Functions save time by allowing code reuse, improve program organization and readability, and make debugging and future development easier.

3.2.3 Geometric Properties

In the field of computational geometry, functions are essential for converting mathematical expressions into executable code. For example, the formulas for calculating the area and perimeter of various two-dimensional shapes can be implemented as separate functions. This approach makes the development process more efficient and easier to manage. The following sections explain in detail how these geometric formulas are coded, using Python and R as examples.

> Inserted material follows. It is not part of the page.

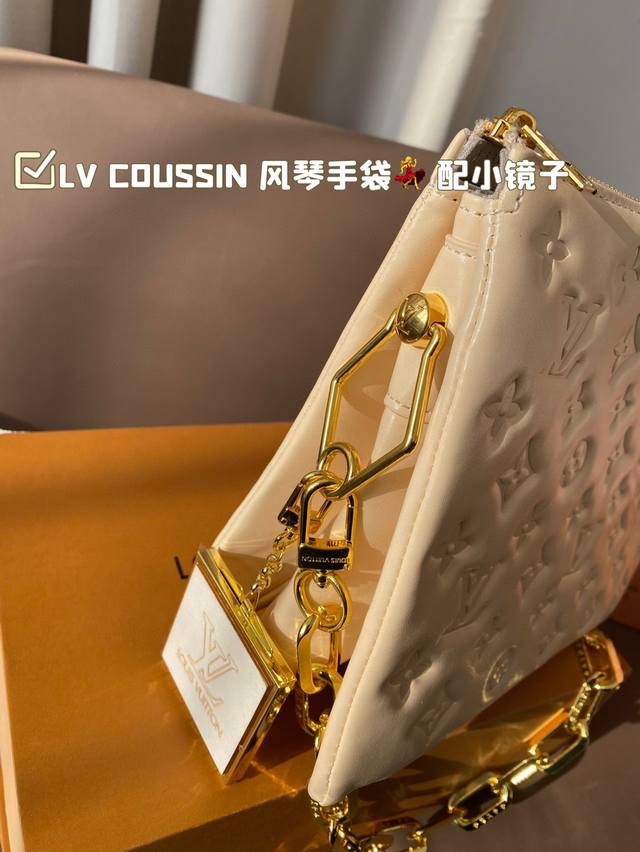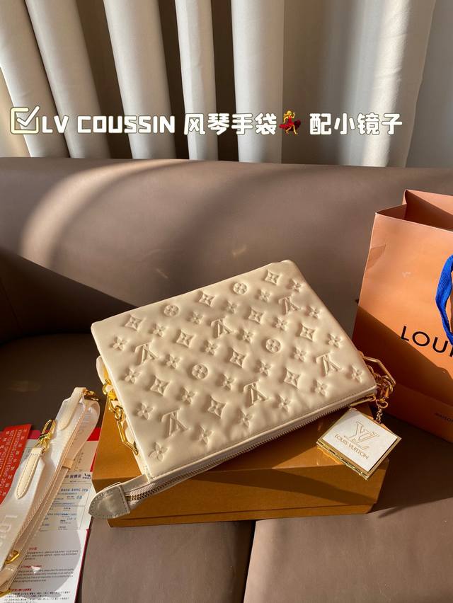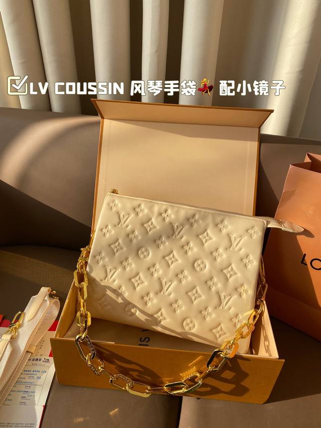 / 配小镜子 Lv 抱枕包coussin 风琴手袋 单肩斜挎包 被拿来用做手包简单大方的款式 真的很炫酷 折叠盒 尺寸27*21

Shape Area Formula (A) Perimeter Formula (P) Variables Description
Triangle \(A = \frac{1}{2}(b \times h)\) \(P = a + b + c\) \(b\) = base, \(h\) = height, \(a\), \(b\), \(c\) = sides
Rectangle \(A = l \times b\) \(P = 2(l+b)\) \(l\) = length, \(b\) = breadth
Square \(A = s \times s\) \(P = 4 \times s\) \(s\) = side
Circle \(A = \pi r^2\) \(P = 2\pi r\) \(r\) = radius, \(\pi = 3.14\) or \(\frac{22}{7}\)
Ellipse \(A = \pi \times a \times b\) \(P = \pi(a+b)\) \(a\) = semi-major axis, \(b\) = semi-minor axis
Parallelogram \(A = b \times h\) \(P = 2(a+b)\) \(b\) = base, \(h\) = height, \(a\), \(b\) = lengths of opposite sides
Rhombus \(A = \frac{1}{2}(d_1 \times d_2)\) \(P = 4 \times a\) \(d_1, d_2\) = diagonals, \(a\) = side
Trapezium \(A = \frac{1}{2}(a+b) \times h\) Sum of all sides \(a\), \(b\) = lengths of parallel sides, \(h\) = height


With the formulas provided above, you can create functions that calculate the area and perimeter for different shapes. This not only makes your code modular and easier to maintain but also enables you to test individual pieces of logic in isolation. This example below in Python and R that demonstrate how to implement functions for these calculations.

Python Code

import math

# Function to calculate area and perimeter for multiple shapes
def calculate_area_perimeter(shape, **kwargs):
    if shape == "triangle":
        base = kwargs.get("base")
        height = kwargs.get("height")
        side_a = kwargs.get("side_a")
        side_b = kwargs.get("side_b")
        side_c = kwargs.get("side_c")
        area = 0.5 * base * height
        perimeter = side_a + side_b + side_c
    elif shape == "rectangle":
        length = kwargs.get("length")
        breadth = kwargs.get("breadth")
        area = length * breadth
        perimeter = 2 * (length + breadth)
    elif shape == "square":
        side = kwargs.get("side")
        area = side ** 2
        perimeter = 4 * side
    elif shape == "circle":
        radius = kwargs.get("radius")
        area = math.pi * radius ** 2
        perimeter = 2 * math.pi * radius
    elif shape == "ellipse":
        a = kwargs.get("a")
        b = kwargs.get("b")
        area = math.pi * a * b
        perimeter = math.pi * (a + b)
    elif shape == "parallelogram":
        base = kwargs.get("base")
        height = kwargs.get("height")
        side_a = kwargs.get("side_a")
        side_b = kwargs.get("side_b")
        area = base * height
        perimeter = 2 * (side_a + side_b)
    elif shape == "rhombus":
        d1 = kwargs.get("d1")
        d2 = kwargs.get("d2")
        side = kwargs.get("side")
        area = 0.5 * d1 * d2
        perimeter = 4 * side
    elif shape == "trapezium":
        a = kwargs.get("a")
        b = kwargs.get("b")
        height = kwargs.get("height")
        side_a = kwargs.get("side_a")
        side_b = kwargs.get("side_b")
        area = 0.5 * (a + b) * height
        perimeter = a + b + side_a + side_b
    else:
        return "Invalid shape. Choose a valid 2D shape."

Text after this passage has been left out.